La Fed è decisiva per vincere le elezioni»
ROMA «Il ruolo di Prodi non sarà quello di esecutore di direttive o decisioni dei partiti, ma quello di leader dell’intera coalizione e di Presidente della Federazione dell’Ulivo»: così Vannino Chiti, il coordinatore della Segreteria Ds, indica il percorso da seguire dopo il forte richiamo all’unità fatto da Prodi nel suo discorso a Milano.
Un discorso che definisce «forte, significativo, innovativo».
La parola unità è stata scandita con entusiasmo e convinzione dalla folla del Palalido. Che significato ha questo consenso?
Nel mondo che guarda al centrosinistra, l’unità si avverte come bene fondamentale. Ma l’Alleanza se necessaria, non è sufficiente: è indispensabile un programma. Ritengo sia già in atto e in campo la risposta politica a questo bisogno di unità con la costruzione della Federazione dell’ Ulivo tra Ds, Margherita e Repubblicani e dell’Alleanza, la coalizione più vasta di tutto il centrosinistra. Penso che la Federazione sia fondamentale non solo per vincere le elezioni, ma anche per governare.
Quali sono le caratteristiche che la rendono indispensabile?
Non si tratta di un partito unico, ma neppure di una semplice somma dei partiti. Il patto federativo è la casa comune del riformismo italiano, quello che viene dal campo a orientamento socialista, quello liberal-democratico, quello cattolico-sociale. Costruire questa casa comune vorrà dire impegnare le energie per rispondere alle sfide che abbiamo davanti, come il ruolo dell’Italia in Europa, la realizzazione di sviluppo e qualità del nostro paese, la riforma del modello del welfare mentre la destra vuole abbatterlo, la riforma delle istituzioni democratiche coerente con i principi della nostra Costituzione.
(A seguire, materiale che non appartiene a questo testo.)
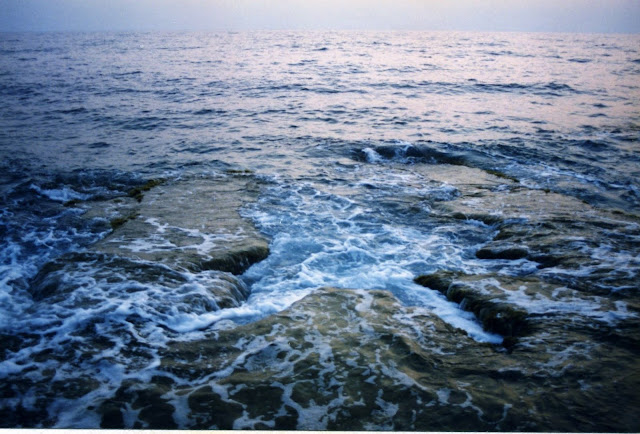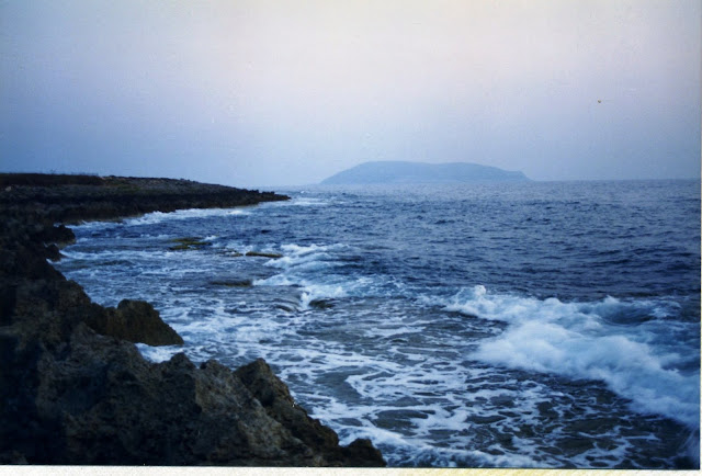 | Gli scogli davanti alla casa marina. Sullo sfondo l'isola di Proti. |
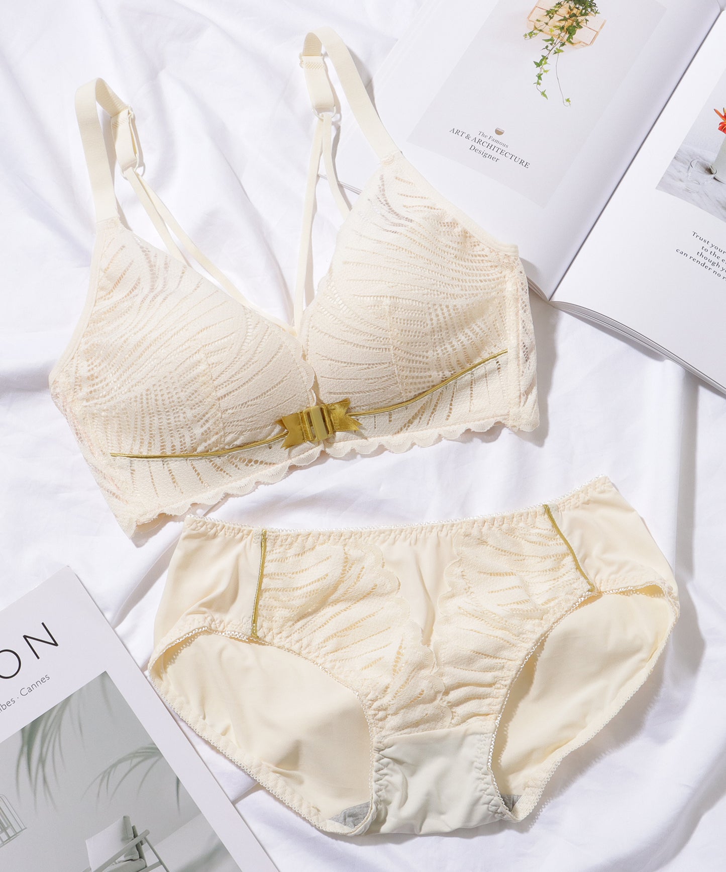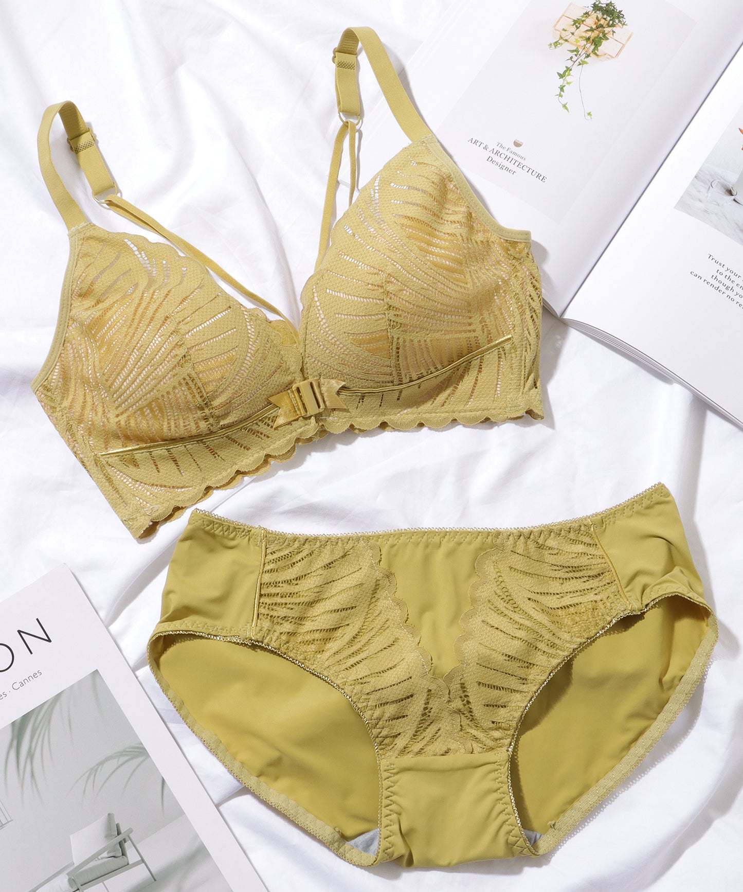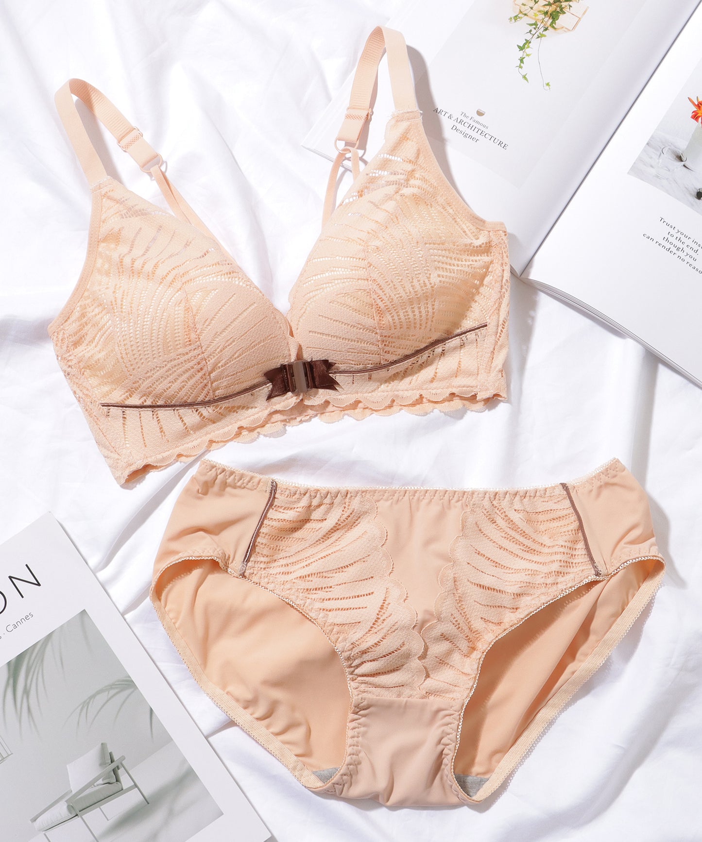 シェル風 フロントホック ソフト ノンワイヤー 3/4 ブラ&ショーツ

Attorno a questi temi lo strumento del patto federativo è fondamentale. La Federazione per vincere ha bisogno del timone e del collante dell’Alleanza.
E invece cosa pensa del fatto che Prodi abbia voluto rimarcare la differenziazione tra lui e i partiti?
È evidente la scelta, ma anche la storia e il percorso di Prodi. La nostra alleanza fa sì che lui non sia la diretta espressione di un partito, ma il leader dell’intera coalizione di centrosinistra in quanto Presidente della Federazione dell’Ulivo. Ho ravvisato in questa affermazione e prima nel discorso davanti all’Associazione amici dell’Ulivo a Montecatini una sottolineatura positiva del suo impegno e dello sforzo per sottolineare come sia negativa la contrapposizione tra partiti e società e come sia necessario lo scambio e l’arricchimento reciproco.
Dopo il discorso di Prodi qual è dunque la strada da percorrere?
Si tratta di farlo vivere a livello nazionale e nelle Regioni, radicando nel territorio la Federazione. E bisogna costruire il programma dell’Alleanza e il programma di governo, individuando intanto le sedi e le regole con cui farlo. Per cominciare, dobbiamo concentrarci fortemente e con grande impegno unitario sulle elezioni regionali. Il centrosinistra può vincere alla grande. Sarebbe importantissimo per le regioni e per il governo, ma avrebbe un peso politico fortissimo anche per il paese e per le elezioni politiche. Tutti i partiti del centrosinistra abbiano in mente che non conterà se prendono lo 0, 5% o l’1% in più, ma quante regioni il centrosinistra insieme riuscirà a conquistare.